(Collection entries)
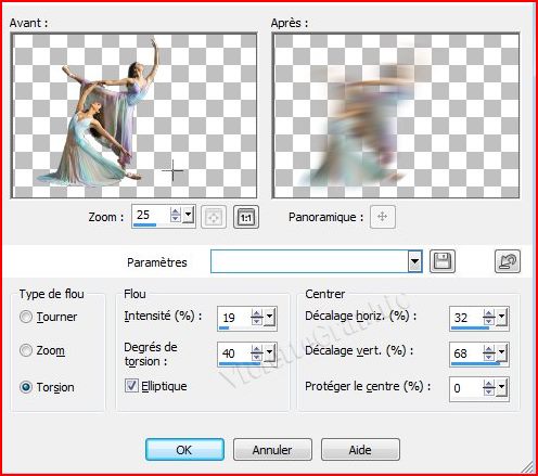 19 - Activer le calque du tube original **Réglages/Flou/Flou radial réglages suivants :
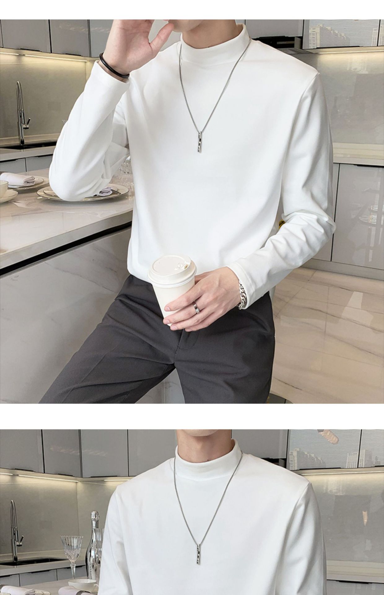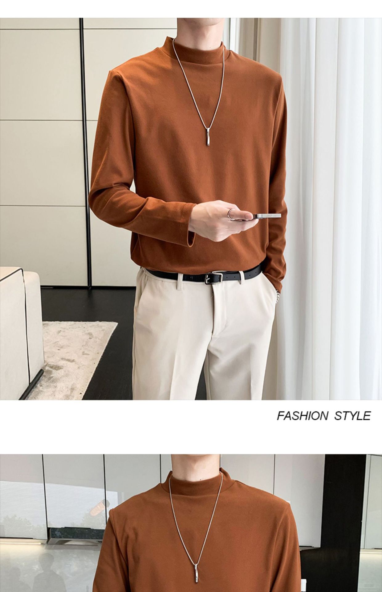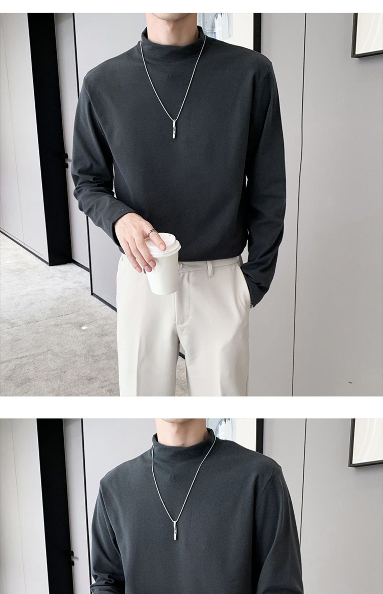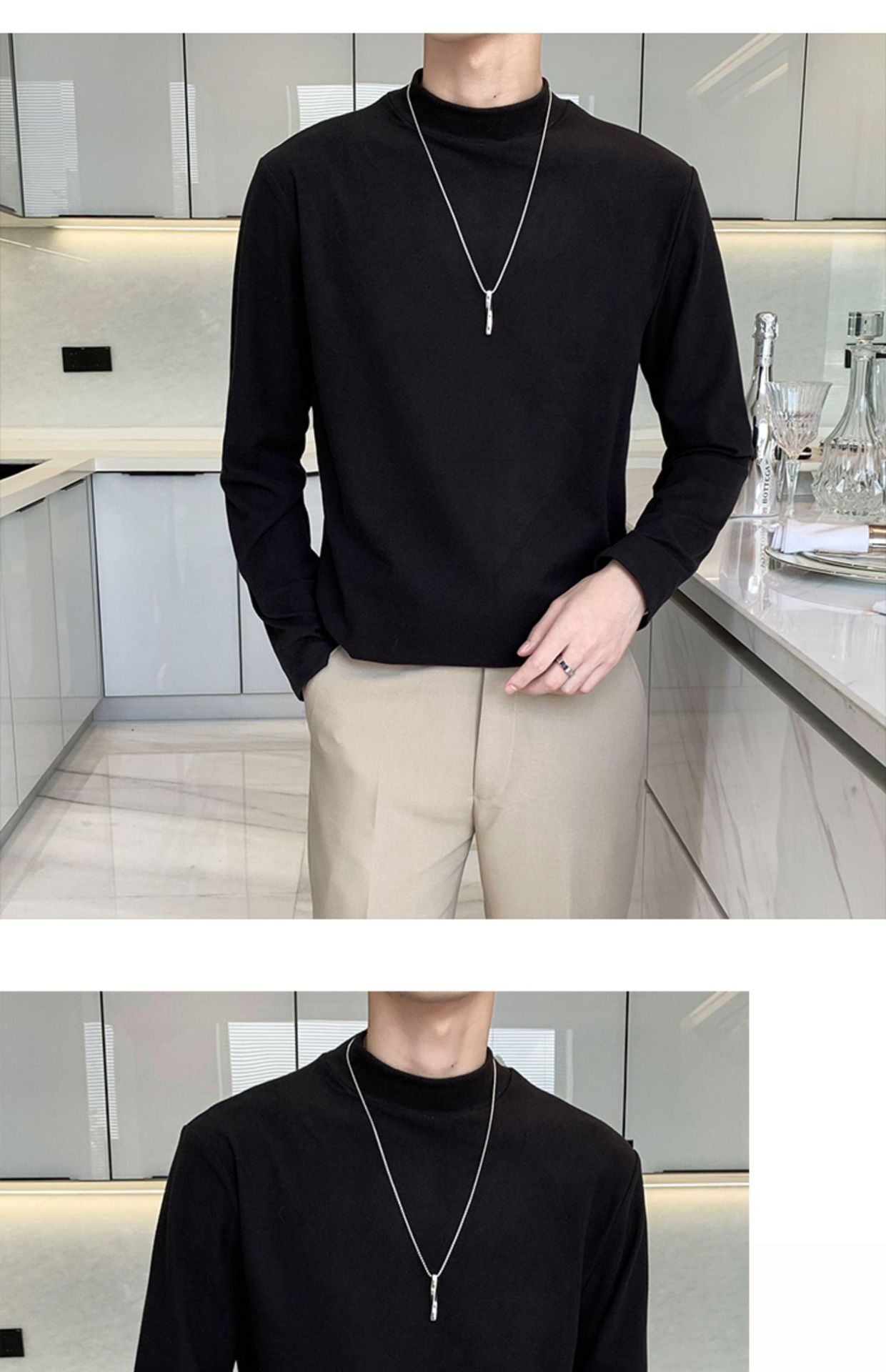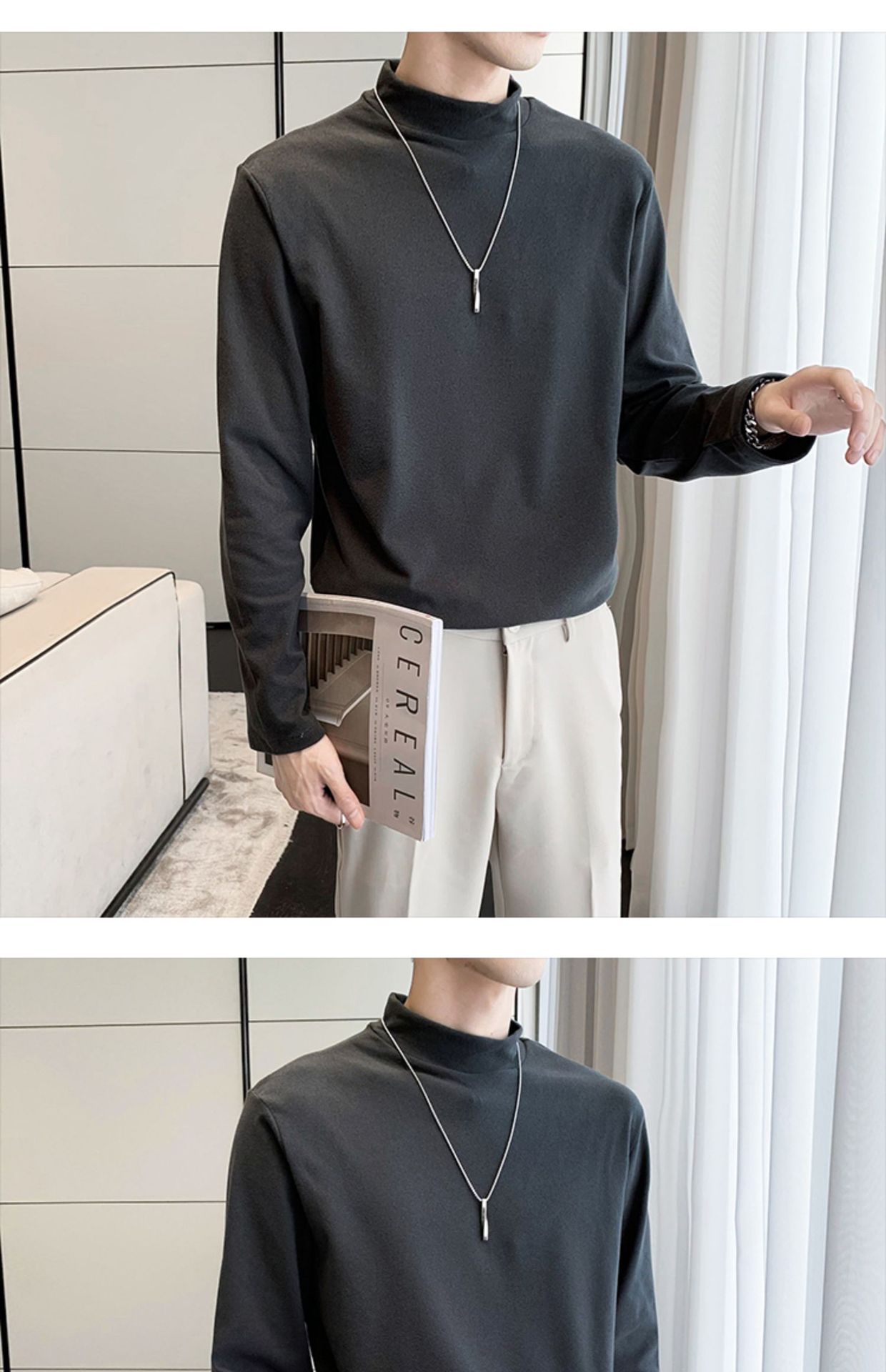 德绒长袖t恤男士潮牌秋冬季修身半高领打底衫保暖内搭纯色上衣服
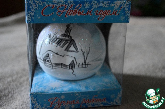Дополнительный элемент декора для нашей елочки - новогодний елочный шар из стекла с зимним пейзажем.
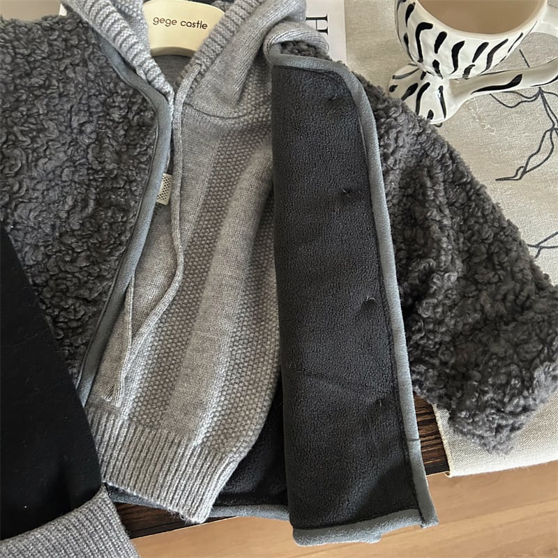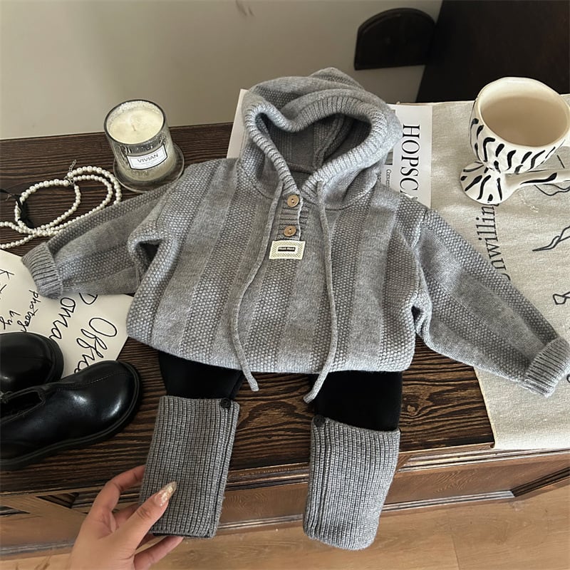 ,幼児キッズ男の子女の子フード付きニットパーカー 暖かいセーター グレー お出かけ カジュアル lwk0007
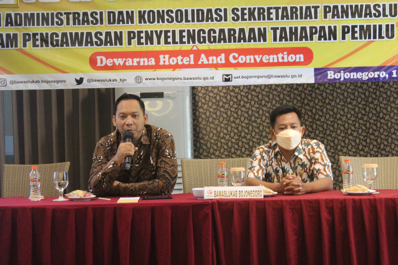 Bojonegoro, bojonegoro.bawaslu.go.id - Dalam rangka pengelolaan Administrasi keuangan dan Anggaran di lingkungan Sekretariat Bawaslu Kabupaten Bojonegoro pada Pemilu dan Pemilihan tahun 2024, Badan Pengawas Pemilihan Umum (Bawaslu) Bojonegoro menyelenggarakan kegiatan rapat fasilitasi pengelolaan administrasi dan konsolidasi Sekretariat Panwaslu Kecamatan dalam pengawasan penyelenggaraan tahapan Pemilu tahun 2024.
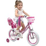 Girls Bike Size Guide: Choose the perfect fit for your child: the 12-inch bike fits 2-4 year olds (33-41in height, max 100lbs), 14-inch fits 3-5 year olds (35-47in height, max 100lbs), 16-inch fits 4-7 year olds (41-53in height, max 100lbs), and 18-inch fits 5-9 year olds (43-59in height, max 120lbs)
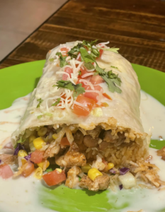 The chicken shwarma burrito has almost a citrusy flavor, and again both Mediterranean and Mexican flavors.
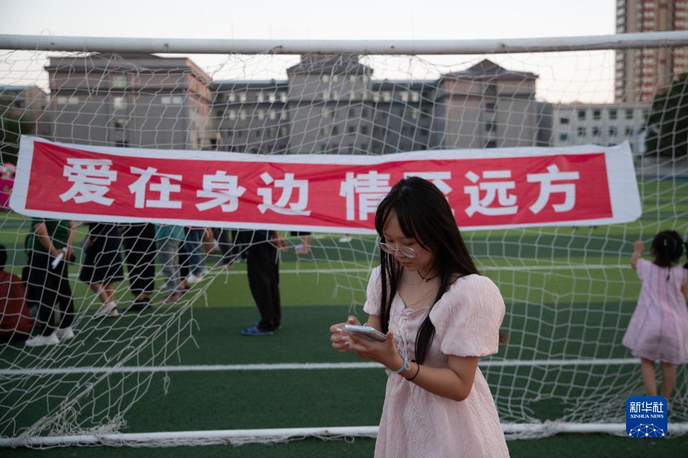8月9日,在五常市时代中学集中安置点,一位女士与朋友通过手机联系。
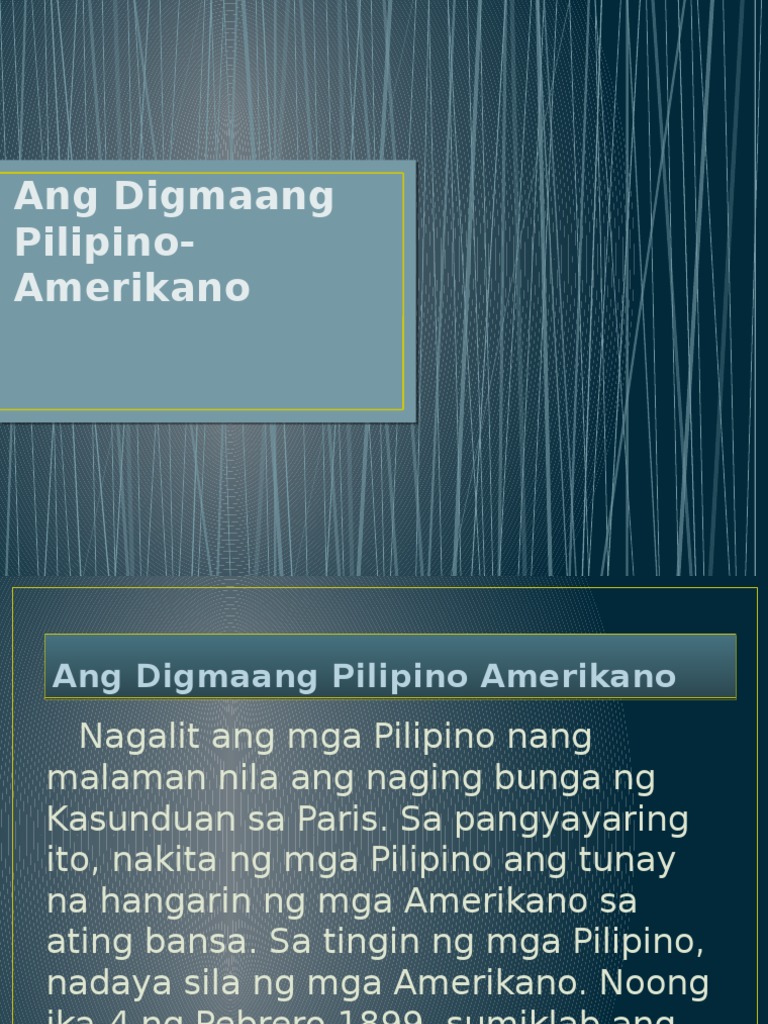 Ang Digmaang PilipinoAmerikano Ingles. Napagbabago nito ang pananaw ng isang indibidwal at napapamahal siya sa kultura ng bansang nanakop. Ano ang Sanhi ng Digmaang Espanyol-Amerikano.
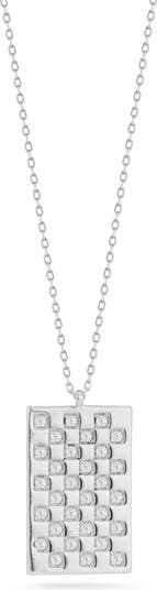 Cubic Zirconia Checkered Tag Pendant Necklace
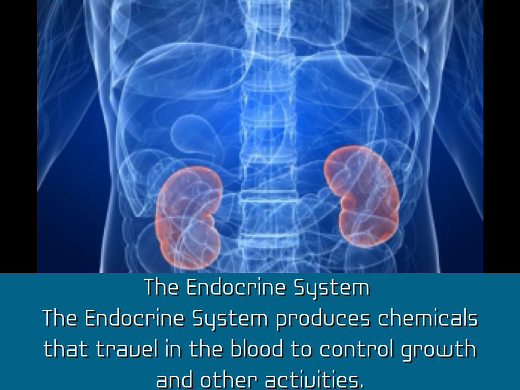 The Endocrine System produces chemicals that travel in the blood to control growth and other activities.
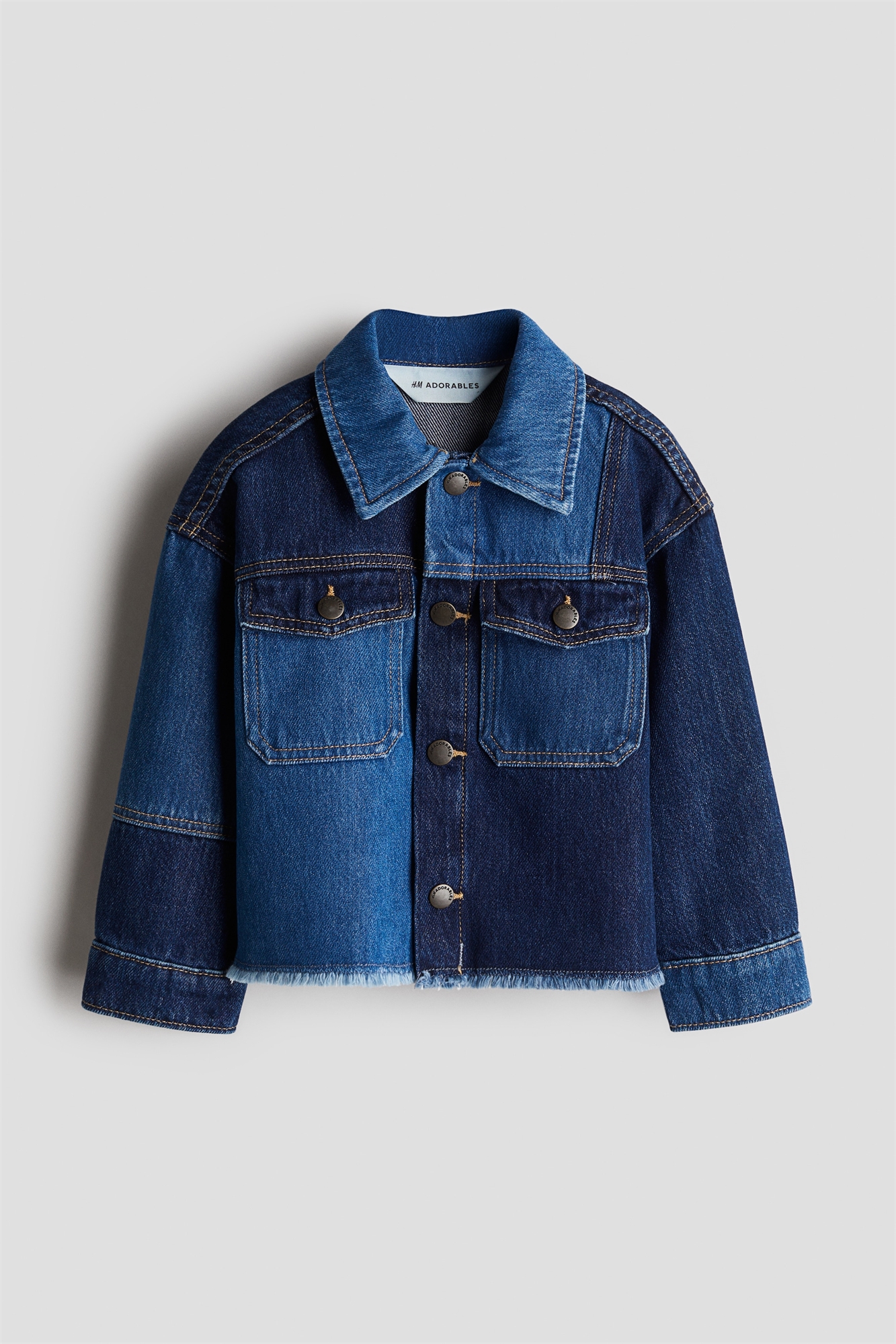 H&M Adorables. Куртка блочного цвета из мягкого денима с заплатками из смеси хлопка. Куртка в боксерском стиле с воротником, застежками на кнопки спереди и на манжетах, нагрудными карманами с клапаном и застежкой на кнопки. Прямой покрой, обтрепанный подол. Коллекция H&M Adorables - это подборка удобных и качественных вещей, которые не подвластны времени.
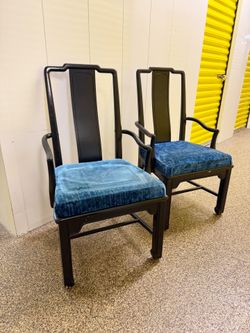 Vintage PAIR James Mont/Raymond Sobota Style “Chin Hua” Black Wood&Blue Velvet Chinoiserie Armchairs$175Delray Beach, FL
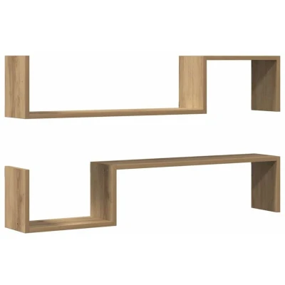 ManoManoGeneral description Do you need more storage options but don't have any spare space? These wall shelves are the perfect solution. Made from engineered wood, they are stable, durable, and resistant to moisture, warping, and splitting. The multifunctional design allows you to use them for decorating and storing items in various rooms, such as the living room, office, or study. You can display collections, books, photo frames, models, or CDs, and arrange the shelves in different styles to suit your preferences. Technical specifications Colour: Artisan oak Material: Engineered wood Dimensions: 100 x 15 x 20 cm (L x W x H) Maximum weight capacity (per shelf): 20 kg Assembly required: Yes Delivery contains: 2 x Wall shelf Installation Screws and plugs for inside the wall are not included. It is advised to find and use screws and plugs suitable specifically for your walls. If you're not sure, you can consult with a professional. Please read and follow each step of the instructions. Other

◆ Assignment: Set down all the entries exactly as they appear, but skip any pictures.

◆ Written answer:
 19 - Activer le calque du tube original **Réglages/Flou/Flou radial réglages suivants :
 德绒长袖t恤男士潮牌秋冬季修身半高领打底衫保暖内搭纯色上衣服
Дополнительный элемент декора для нашей елочки - новогодний елочный шар из стекла с зимним пейзажем.
 ,幼児キッズ男の子女の子フード付きニットパーカー 暖かいセーター グレー お出かけ カジュアル lwk0007
 Bojonegoro, bojonegoro.bawaslu.go.id - Dalam rangka pengelolaan Administrasi keuangan dan Anggaran di lingkungan Sekretariat Bawaslu Kabupaten Bojonegoro pada Pemilu dan Pemilihan tahun 2024, Badan Pengawas Pemilihan Umum (Bawaslu) Bojonegoro menyelenggarakan kegiatan rapat fasilitasi pengelolaan administrasi dan konsolidasi Sekretariat Panwaslu Kecamatan dalam pengawasan penyelenggaraan tahapan Pemilu tahun 2024.
 Girls Bike Size Guide: Choose the perfect fit for your child: the 12-inch bike fits 2-4 year olds (33-41in height, max 100lbs), 14-inch fits 3-5 year olds (35-47in height, max 100lbs), 16-inch fits 4-7 year olds (41-53in height, max 100lbs), and 18-inch fits 5-9 year olds (43-59in height, max 120lbs)
 The chicken shwarma burrito has almost a citrusy flavor, and again both Mediterranean and Mexican flavors.
8月9日,在五常市时代中学集中安置点,一位女士与朋友通过手机联系。
 Ang Digmaang PilipinoAmerikano Ingles. Napagbabago nito ang pananaw ng isang indibidwal at napapamahal siya sa kultura ng bansang nanakop. Ano ang Sanhi ng Digmaang Espanyol-Amerikano.
 Cubic Zirconia Checkered Tag Pendant Necklace
 The Endocrine System produces chemicals that travel in the blood to control growth and other activities.
 H&M Adorables. Куртка блочного цвета из мягкого денима с заплатками из смеси хлопка. Куртка в боксерском стиле с воротником, застежками на кнопки спереди и на манжетах, нагрудными карманами с клапаном и застежкой на кнопки. Прямой покрой, обтрепанный подол. Коллекция H&M Adorables - это подборка удобных и качественных вещей, которые не подвластны времени.
 Vintage PAIR James Mont/Raymond Sobota Style “Chin Hua” Black Wood&Blue Velvet Chinoiserie Armchairs$175Delray Beach, FL
 ManoManoGeneral description Do you need more storage options but don't have any spare space? These wall shelves are the perfect solution. Made from engineered wood, they are stable, durable, and resistant to moisture, warping, and splitting. The multifunctional design allows you to use them for decorating and storing items in various rooms, such as the living room, office, or study. You can display collections, books, photo frames, models, or CDs, and arrange the shelves in different styles to suit your preferences. Technical specifications Colour: Artisan oak Material: Engineered wood Dimensions: 100 x 15 x 20 cm (L x W x H) Maximum weight capacity (per shelf): 20 kg Assembly required: Yes Delivery contains: 2 x Wall shelf Installation Screws and plugs for inside the wall are not included. It is advised to find and use screws and plugs suitable specifically for your walls. If you're not sure, you can consult with a professional. Please read and follow each step of the instructions. Other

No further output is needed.